Honeywell offers its employees and their families a high-deductible health plan, a self-insured group plan sponsored by Honeywell. Employees who participate in the plan also have the option of participating in Honeywell’s wellness program.
As part of the wellness plan, employees agree to undergo tests relating to blood pressure, BMI, cholesterol and glucose levels. Employees who earn less than $100,000 and choose to participate in the wellness program become eligible for a health savings account to which Honeywell makes annual contributions. This is the carrot.
Employees who choose not to participate are not eligible for the health savings account and must pay a $500 surcharge that goes toward their annual health insurance contribution. Additionally, employees who refuse to undergo biometric testing are presumed to be tobacco users unless they participate in a tobacco cessation program, submit a report from their doctor that shows they don’t use tobacco, or work with a health advocate to establish they are nicotine-free. Honeywell imposes another $1,000 surcharge on nicotine users and presumed nicotine users. This is the stick.

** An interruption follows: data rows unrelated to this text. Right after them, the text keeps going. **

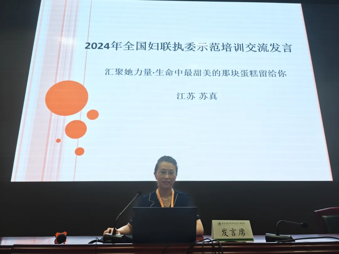 南京市妇联执委、南京条约史料陈列馆(南京静海寺纪念馆)馆长、民盟南京市委委员、妇女工作委员会主任苏真作为南京市妇联选派的唯一执委代表,赴北京参训,并代表江苏做大会交流发言。苏真馆长以《汇聚她力量·生命中最甜美的那块蛋糕留给你》为题,向大会汇报了南京市妇联贯彻落实全国妇联、省妇联工作要求,创建妇联代表履职“五薇”行动品牌的具体举措。并与来自全国各地、各个行业领域的执委分享自己如何将本职、民盟妇委会以及参政议政较好的融合起来开展妇联执委工作的履职经历和经验感悟。将我馆“静海紫荆”妇女微家为妇儿开展丰富多彩、形式多样的社教活动、送展送讲进校园、赓续红色血脉,创立 “小海苔”讲解员培育实践团,以及关爱困难群体、开展志愿者服务等情况向大会做了汇报。她将女性在家庭和职场中扮演的各种角色比喻为一个蛋糕,全情投入,倾情浇灌,合理的利用和分配时间,就能够品尝到她幸福、甜蜜与快乐的味道。同时也呼吁全体参训执委善用女性特有的韧劲、春风化雨的细腻和女性的包容和爱,滋润化解更多的矛盾,树立优良家风,更好的关爱儿童与青少年。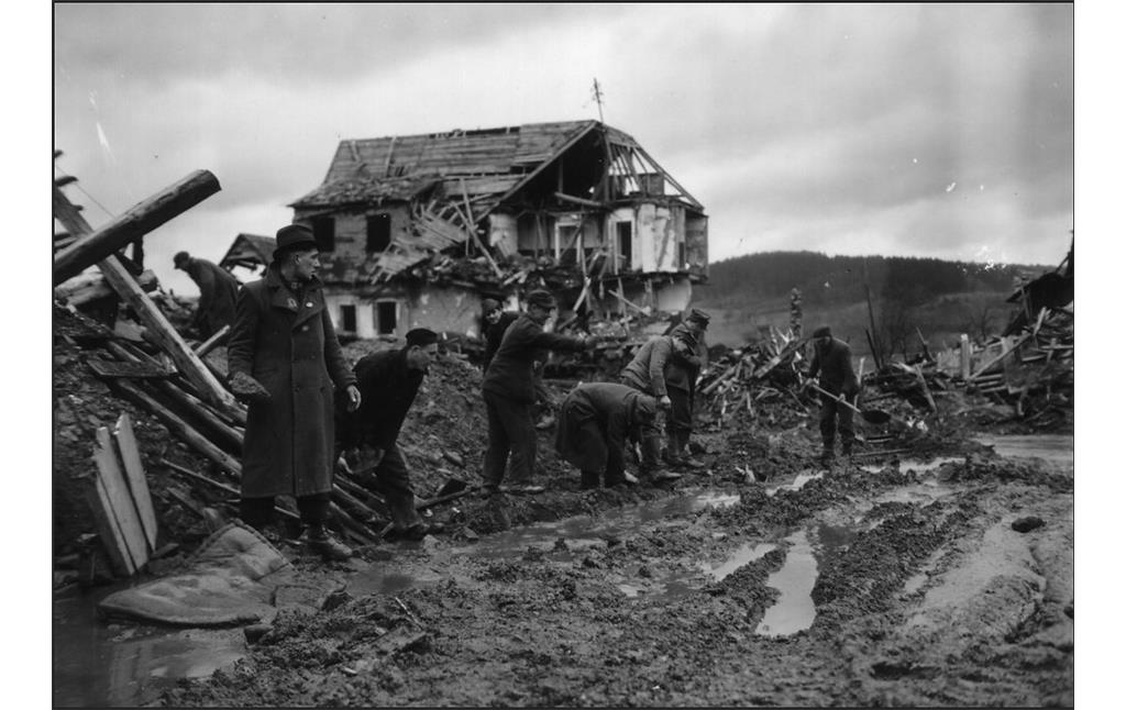 Aufräumarbeiten in Kelberg nach dem Bombenangriff 1944.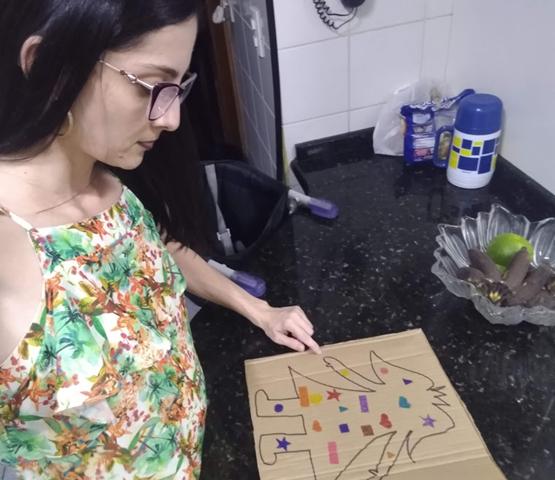 Atividade do dia: A SUA PRIMA HELENA MACHUCADA COM AS FORMAS GEOMÉTRICAS.

The EEOC alleges that participation in Honeywell’s wellness program is not voluntary under the ADA or GINA because the financial incentives are so great and the surcharges so steep. Honeywell argues that the financial incentives and penalties are within the permitted limits of the ACA.
Preserving Employee Wellness Programs Act
Enter Congress. Bills were introduced in both houses of Congress in early March in direct response to the EEOC litigation. The Preserving Employee Wellness Programs Act (will this become PEWPA?) is intended to clarify the law relating to nondiscrimination in employer wellness programs. A hearing was held on March 24 before the United States House of Representatives’ Education and the Workforce Committee.
It is in its early stages, yet, so the language may still change, but the general direction of the bill seems to be to ensure that the standards of the ACA with respect to the voluntariness of employee participation in wellness plan will be the standards applied in the interpretation of earlier law. The law would have retroactive effect back to March 23, 2010, the enactment date of the ACA.
It is worth noting though, that the very lawyerly fix of making sure that the provisions of ADA, GINA, HIPAA and the ACA are interpreted in a consistent fashion does not really address the policy concerns of opponents who are focused on the issue of cost shifting. Even if the legislation is enacted, it is not entirely clear that the problem will completely go away.
What Should Employers Do in the Meantime?
Two things jump out immediately. First of all, in building a benefit structure, employers may want to look separately at disease management programs, where the return on investment in terms of lower healthcare costs, reduced absenteeism and better health outcomes for employees seems solid. For lifestyle management initiatives, the evidence is more ambiguous and penalties may be harder to justify.
Secondly, while incentives for participation seem relatively uncontroversial, penalties are a touchier issue, especially when they get into four figures. It is tempting to speculate that Honeywell’s plan might have flown under the radar had the penalties been smaller. Even apart from the important legal issue of whether they effectively made participation involuntary, there is the risk that such a ham handed approach can endanger employee morale.
Many employers are strong proponents of wellness plans. Employees may be less wholeheartedly enthusiastic, depending on the mix of incentives and penalties. While the question remains open about whether and when these motivators may cross a legal line and make participation involuntary, employers should proceed with caution.